After a decade of litigation in Home Products -- a case Target was not party to -- CIT settled on the 72.29% rate and ordered CBP to liquidate the relevant entries at that rate. However, CBP erroneously liquidated 224 of those entries, including 40 of Target's, at a 9.47% antidumping rate. CBP alerted the court to this error and the court ordered reliquidation in response, even though the 90-day deadline for voluntary reliquidation had passed. Target's appeals of the reliquidation order were denied.
The retailer is now calling for the court to reconsider Home Products, arguing that 19 USC 1501 precludes the court from enforcing its judgment and that the court's decision violates the Federal Circuit's ruling in Cemex, S.A. v. U.S. In Cemex, the appellate court dealt with other erroneous liquidations and found that after 90 days, liquidation becomes “final and conclusive upon all persons.” DOJ argued, and continued to do so in its Aug. 13 brief, that the Cemex case involved a host of procedural deficiencies in CBP's notice to the court that are not present in Target's case. DOJ moved to dismiss the case and was met with a response by Target.

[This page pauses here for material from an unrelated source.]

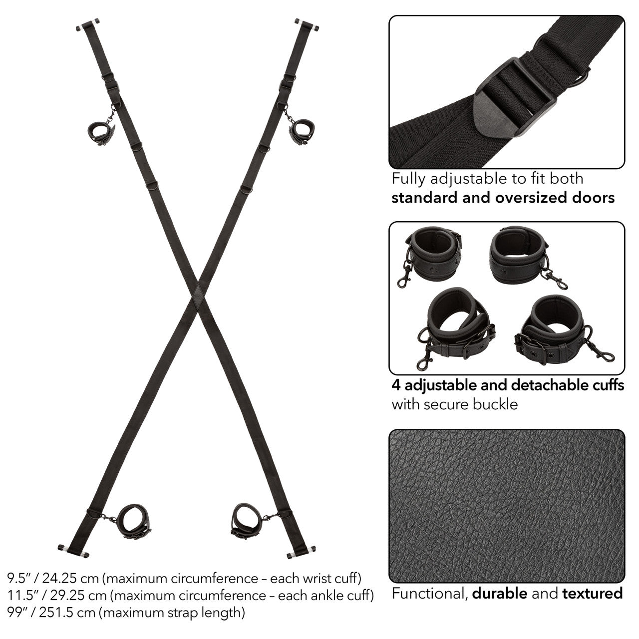 The Nocturnal™ Collection Over The Door Cross is fully adjustable to fit both standard and oversized doors, ensuring a versatile and secure experience. It comes with 4 adjustable and detachable wrist and ankle cuffs, each featuring secure buckle closures for comfortable and controlled restraint. Universal clasps and D-rings with a swivel design offer full dexterity, enabling a wide range of movement and positions.

DOJ argued that CIT's order in Home Products was not precluded under Sections 1501 or 1514, as Target suggests. Per various Federal Circuit rulings, these two provisions listed by Target do not limit CIT's inherent power to enforce its judgments through reliquidation, DOJ said. For instance, Target argued that the Home Products decision was “on all fours” with the Cemex decision due to their similarities. However, none of the entries in the Home Products case was deemed liquidated as happened in Cemex, DOJ said. “Based on this difference alone, Home Products is not on all fours with Cemex, as Target contends,” DOJ said.

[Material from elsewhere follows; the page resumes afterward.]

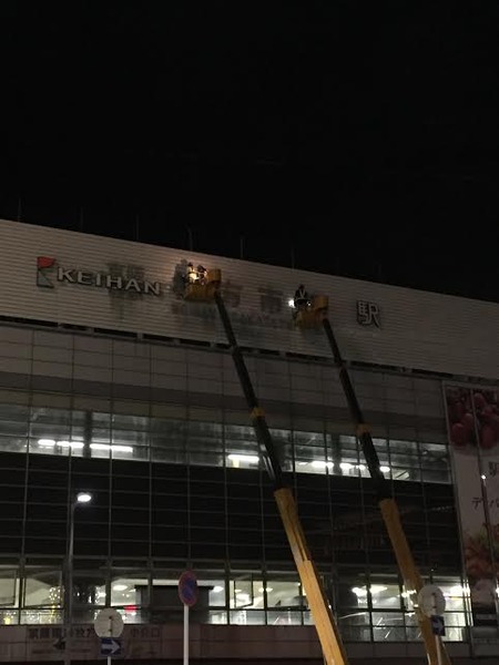 樟葉駅の文字は電車の「電」の雨の部分が白くなっていますが、枚方市駅のものはそうでもないのは、この期間に技術が進歩したからでしょうか。

The retailer said DOJ's motion to dismiss was procedurally improper since the defense should have filed a motion for judgment on the pleadings or for summary judgment. “The ultimate relief Target seeks here has already been sought and it has already been denied,” DOJ replied. “Nonetheless, Target asks the Court to reach a different result here than it did in Home Products, but for essentially the same reasons previously presented to the Court. Because Target’s complaint presents no new factual considerations or legal arguments for the Court to revisit the concluded litigation, it is procedurally proper that this action be dismissed for failure to state a claim upon which relief may be granted pursuant to Rule 12(b)(6).”
DOJ and Target also disagreed on whether the case should be tossed on res judicata grounds. Target says it shouldn't because the retailer wasn't party to the Home Products litigation. “This is not true,” DOJ replied. “Although Target was not a party to the merits portion of the Home Products litigation (and nor did it seek such status), the Home Products litigation remained open for nearly two years after the Court initially ordered reliquidation in October 2017 specifically so that Target, as a nonparty participant to the supplement enforcement proceedings, could present argument against reliquidation -- argument that the Court duly considered and ultimately rejected.”